■ Task description: Repeat the listing below verbatim, without its images.

■ Information provided:
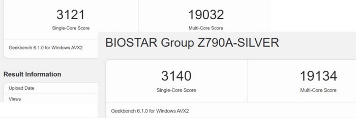 当然,最重要的是性能,单核分数为3140,多核19134;而之前的分数是3121 和 19032。测试用的映泰的 Biostar Z790 SILVER 主板,内存拉胯用的是DDR5-4800MHz。
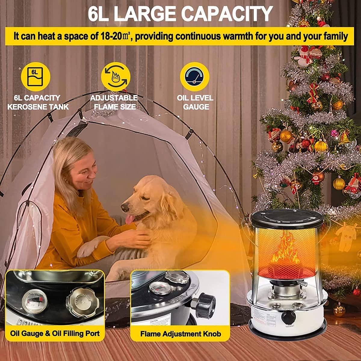 - ❤ Fuel tank capacity-The fuel tank capacity of this kerosene stove heater is 6L, which can burn for 15-20 hours. The visual oil gauge allows you to accurately grasp the remaining oil level.
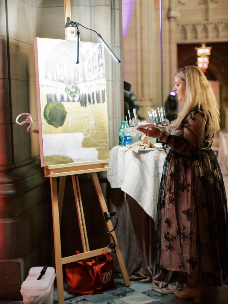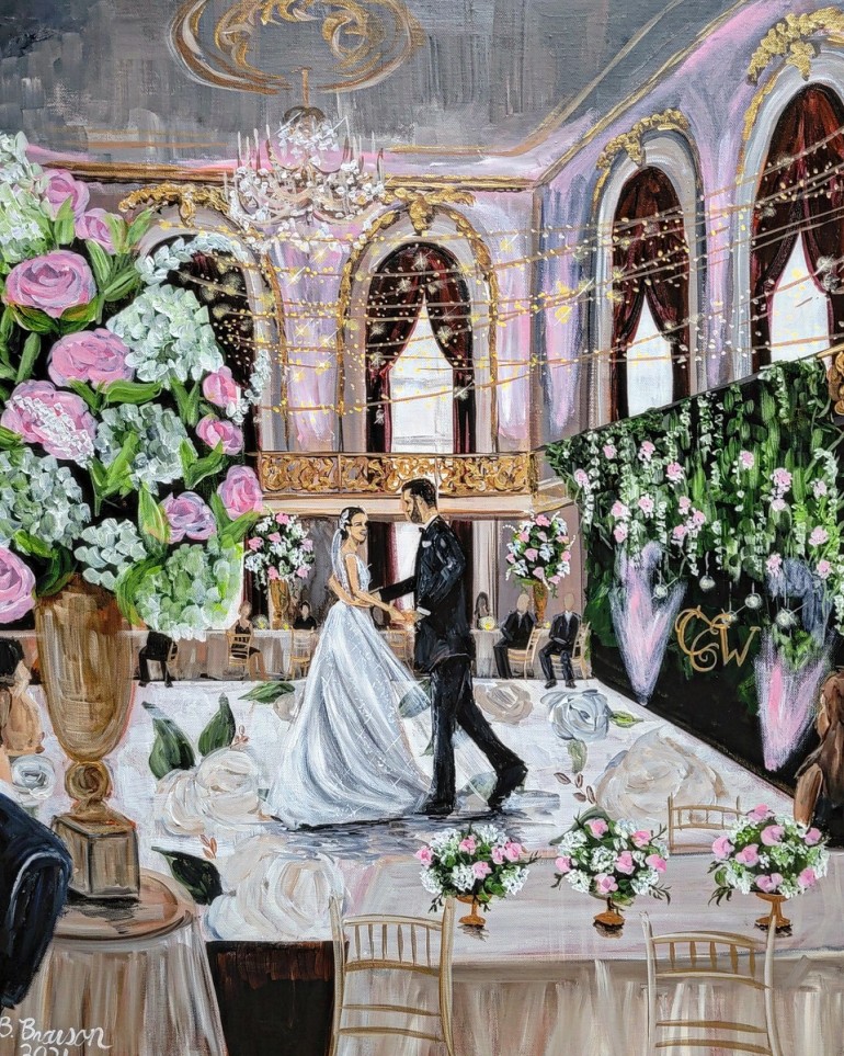 “Many of my couples love their venue’s ceremony space but ultimately want their first dance painted. And so I’ll often paint them in a first-dance pose, but within the ceremony space,” said Brittany. “That way, both elements that they love are cohesively captured together.”

■ Task result:
 当然,最重要的是性能,单核分数为3140,多核19134;而之前的分数是3121 和 19032。测试用的映泰的 Biostar Z790 SILVER 主板,内存拉胯用的是DDR5-4800MHz。
 - ❤ Fuel tank capacity-The fuel tank capacity of this kerosene stove heater is 6L, which can burn for 15-20 hours. The visual oil gauge allows you to accurately grasp the remaining oil level.
 “Many of my couples love their venue’s ceremony space but ultimately want their first dance painted. And so I’ll often paint them in a first-dance pose, but within the ceremony space,” said Brittany. “That way, both elements that they love are cohesively captured together.”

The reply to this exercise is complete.